## Data records
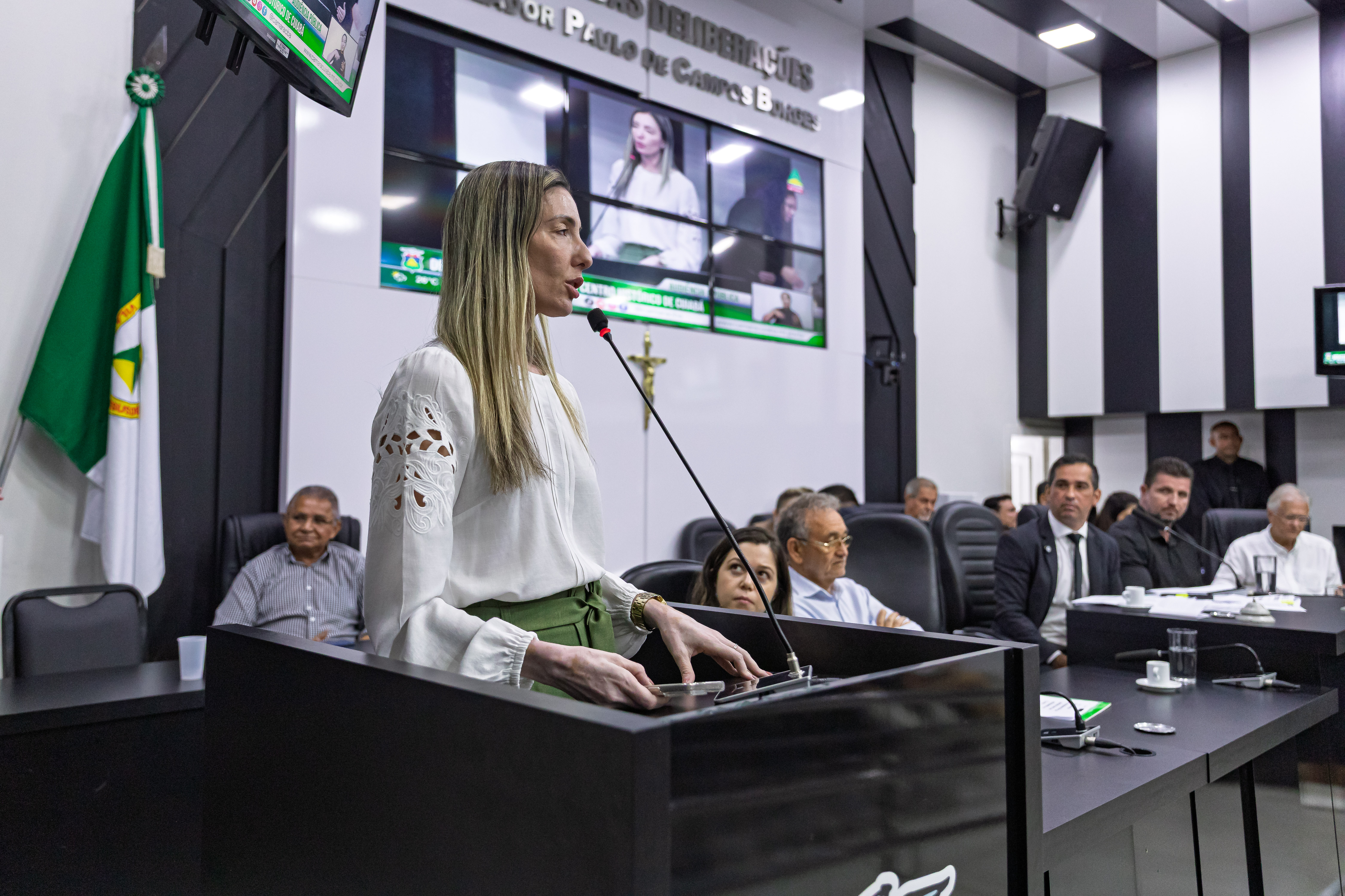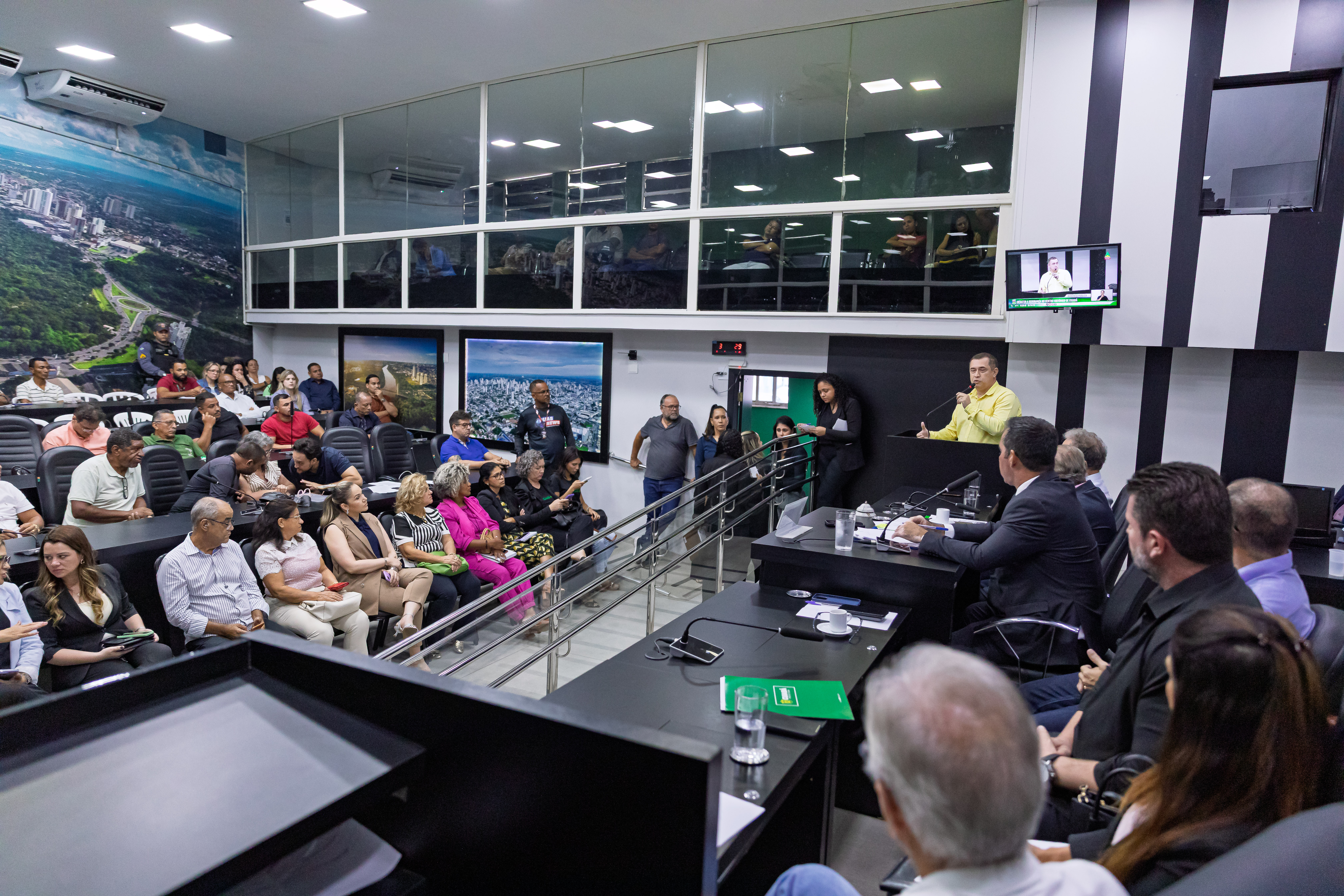 A foto mostra o plenário e autoridades na Câmara de Vereadores durante a audiência pública.
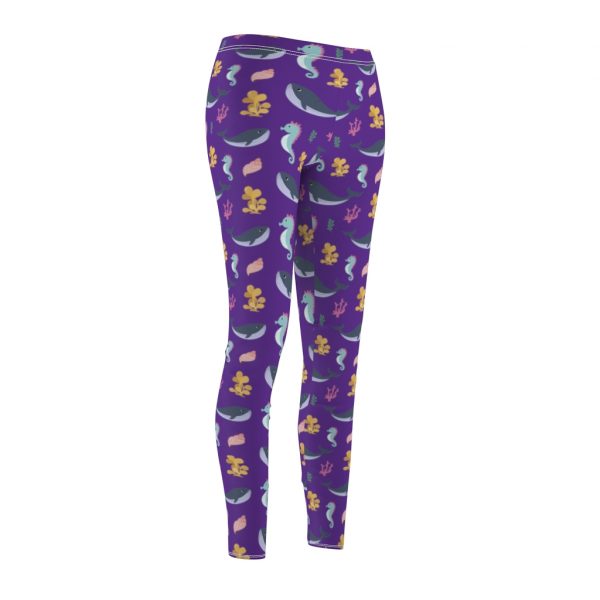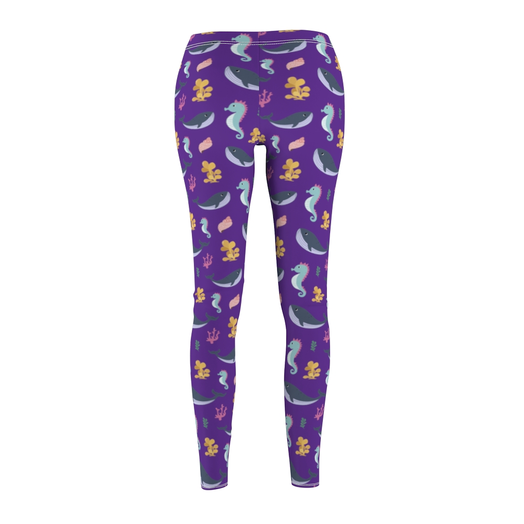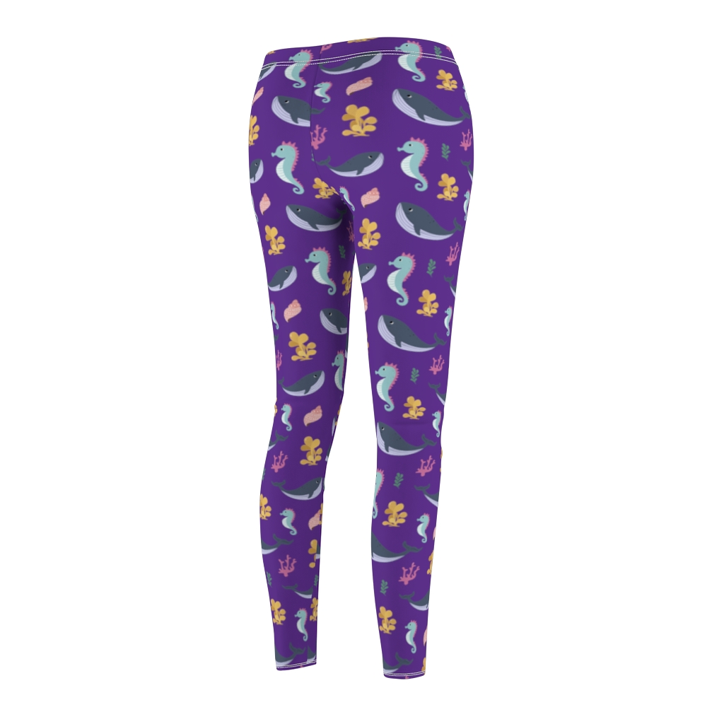 Purple seahorse leggings. These make a perfect gift for anyone interested in marine biology. Whales, seahorses and coral on purple leggings.
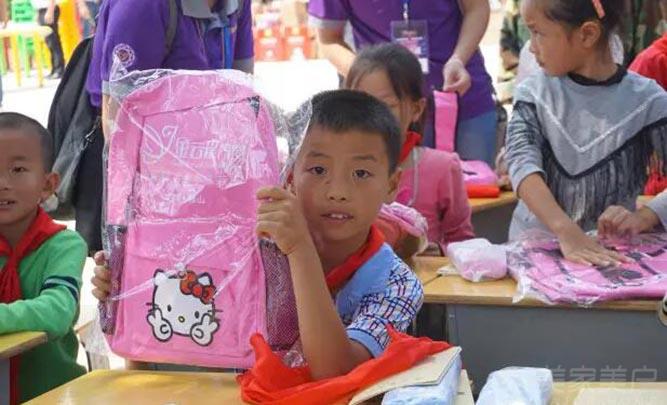 然后是經(jīng)銷商們跟工作人員為孩子們分發(fā)助學(xué)物資。
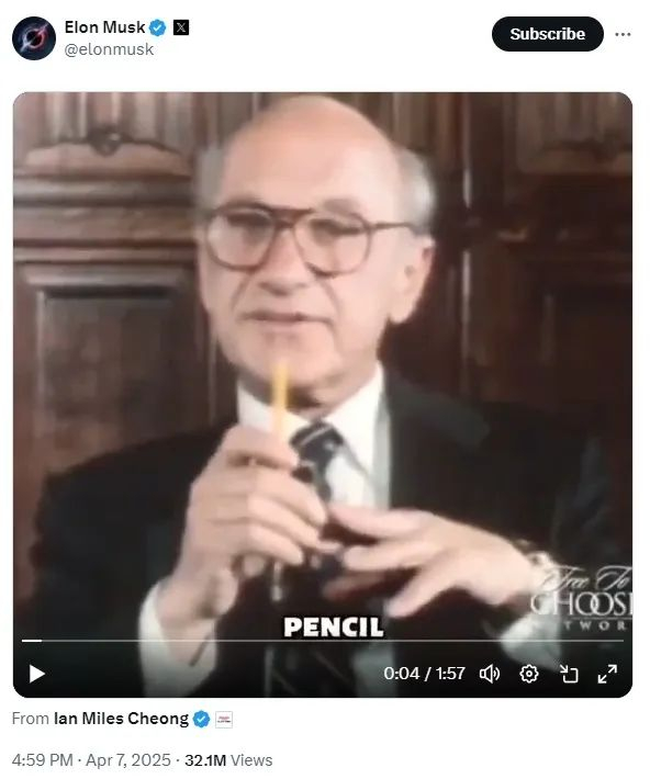 与此同时,4月7日,马斯克在其社交媒体账号上分享了一段已故经济学家米尔顿·弗里德曼的视频,视频中弗里德曼通过分析制造一支简单木制铅笔的材料来源,解释了国际贸易合作的好处。
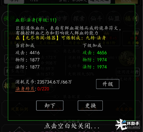 法身可以通过升级进一步强化数值,升级法身需要消耗一定数量的法身碎片,佩戴法身后,法身本身数值属性可以直接增加到对应角色上。
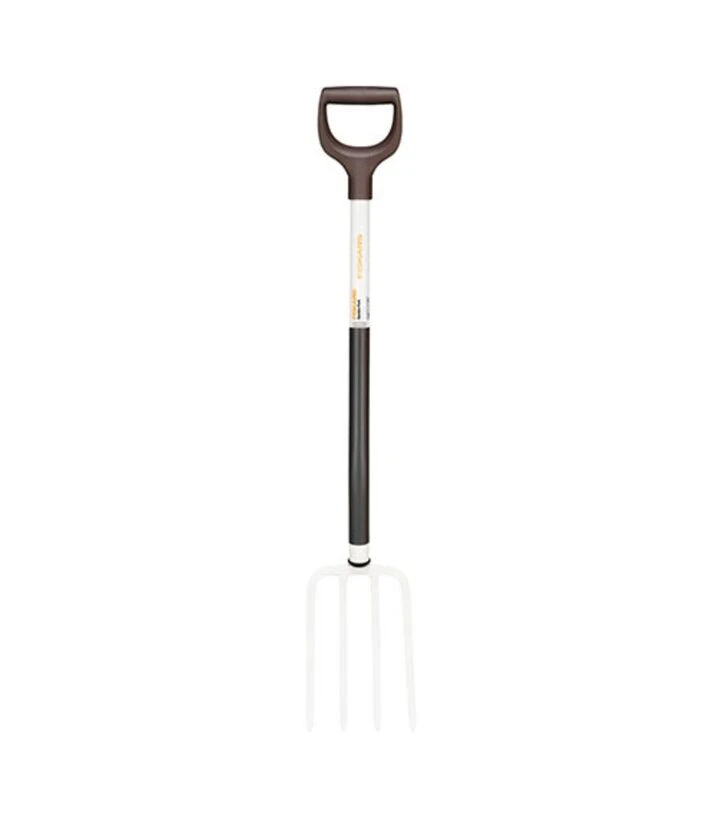 Вила мають компактну сталеву раму з робочою частиною, яка підходить для обробки невеликих ділянок та легких садових матеріалів. Покриття SoftGrip робить рукоятку комфортною в будь-який сезон, а D-подібна форма покращує контроль інструмента. Завдяки невеликій вазі та зручній геометрії інструмент легко використовувати навіть у вузьких садових зонах.

## What needs to be done
Word for word, give again the lines from the first entry to the line with "然后是經(jīng)銷商們跟工作人員為孩子們分發(fā)助學(xué)物資。", inclusive. Exclude the pictures.

## Result
 A foto mostra o plenário e autoridades na Câmara de Vereadores durante a audiência pública.
 Purple seahorse leggings. These make a perfect gift for anyone interested in marine biology. Whales, seahorses and coral on purple leggings.
 然后是經(jīng)銷商們跟工作人員為孩子們分發(fā)助學(xué)物資。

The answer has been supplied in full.